--- START ---
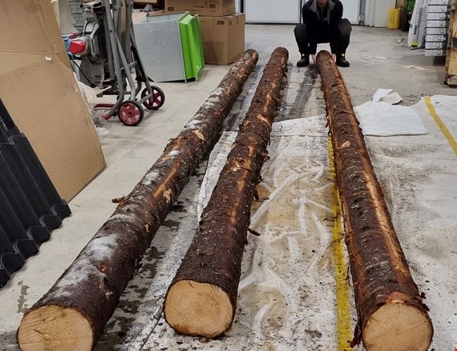 När Jonas Rönnqvist, fukttekniker på Polygon i Södra Norrland, kliver in i Rotabs lagerlokal doftar det fräscht av nykapad gran. “En ställning att placera stockarna på har byggts ihop och barken ska nu skalas från stammarna inför avfuktningen”, berättar han. “Vid en första mätning av de 600 x 30 cm stora stockarna väger de ca 200 kg styck och är genomblöta. Målet är att avfukta stockarna så pass snabbt och försiktigt att virket inte spricker onödigt mycket på grund av forcerad torkning”, förklarar Jonas.
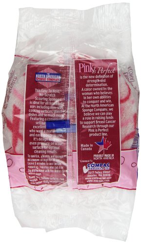 North American Sponge Co. 1ct PINK IS PERFECT Ergo Grip EcoNat Scouring Sponge - Soy Foam/Recycled Scour (Pack of 6)
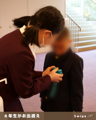 受付では6年生がお出迎え。新入児は6年生と一緒に教室に向かいました。
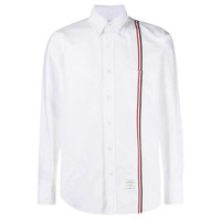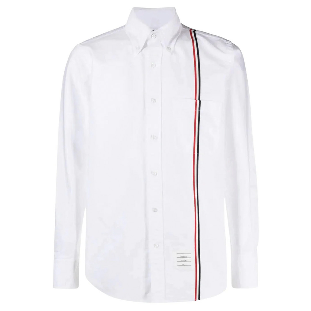 Thom Browne Straight Fit Button Down Shirt - 100% Cotton - White - Button-down collar - Long sleeves - Front button fastening - Grosgrain ribbon trim - Chest patch pocket - Name tag applique - Buttoned cuffs - Signature grosgrain loop tab - Curved hem - Hem hits at hips - Straight fit
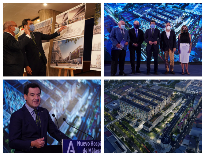 Moreno ha asistido al acto de presentación del anteproyecto del Nuevo Hospital de Málaga donde ha explicado que este hospital, que supondrá una inversión de 375 millones de euros, contará con quince plantas, con un diseño vanguardista y con una dotación integrada por 810 habitaciones, 42 quirófanos, 198 consultas, 66 boxes de UCI, dos mil plazas de aparcamiento y toda clase de medios y tecnología que harán de él un centro de referencia en especialidades de alta complejidad.
--- END ---
Only the lines from the one with "North American Sponge" through the last line of the listing belong in your answer; copy them exactly and skip the pictures.

 North American Sponge Co. 1ct PINK IS PERFECT Ergo Grip EcoNat Scouring Sponge - Soy Foam/Recycled Scour (Pack of 6)
 受付では6年生がお出迎え。新入児は6年生と一緒に教室に向かいました。
 Thom Browne Straight Fit Button Down Shirt - 100% Cotton - White - Button-down collar - Long sleeves - Front button fastening - Grosgrain ribbon trim - Chest patch pocket - Name tag applique - Buttoned cuffs - Signature grosgrain loop tab - Curved hem - Hem hits at hips - Straight fit
 Moreno ha asistido al acto de presentación del anteproyecto del Nuevo Hospital de Málaga donde ha explicado que este hospital, que supondrá una inversión de 375 millones de euros, contará con quince plantas, con un diseño vanguardista y con una dotación integrada por 810 habitaciones, 42 quirófanos, 198 consultas, 66 boxes de UCI, dos mil plazas de aparcamiento y toda clase de medios y tecnología que harán de él un centro de referencia en especialidades de alta complejidad.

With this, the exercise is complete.